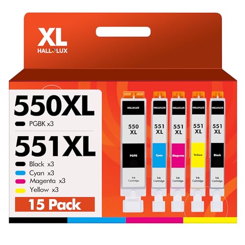 HALLOLUX 550XL 551XL Ink Cartridges High Yield Compatible for Canon PGI-550XL CLI-551XL Pixma MG7550 MG6350 iP7250 MG5650 MG7150 IX6850 MX925 MG7500 MG6450 MG6650 MX725 MX920(PG/B/M/Y/C,15-Pack)
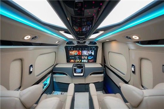 丰田海狮车内搭载42寸高清液晶电视,高级吧台配有液晶触控屏调节车内操作,吧台同时配有隐藏秘书座椅,让商务生活更充实。车顶设计浩瀚星空顶氛围灯,灯光多色可调。整车内饰车窗选用高级麂皮绒窗帘,柔软舒适。
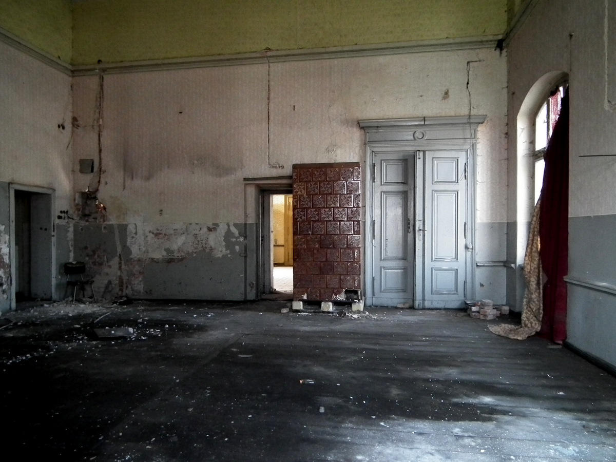 Widok przez wybite okno na jedno z pomieszczeń zamkniętego dworca (prawdopodobnie restauracja).

__What is expected__
Only exact repeats of the lines from the one containing "丰田海狮车内搭载42寸高清液" through the end of the listing above are wanted here; pictures are not.

__Your solution__
 丰田海狮车内搭载42寸高清液晶电视,高级吧台配有液晶触控屏调节车内操作,吧台同时配有隐藏秘书座椅,让商务生活更充实。车顶设计浩瀚星空顶氛围灯,灯光多色可调。整车内饰车窗选用高级麂皮绒窗帘,柔软舒适。
 Widok przez wybite okno na jedno z pomieszczeń zamkniętego dworca (prawdopodobnie restauracja).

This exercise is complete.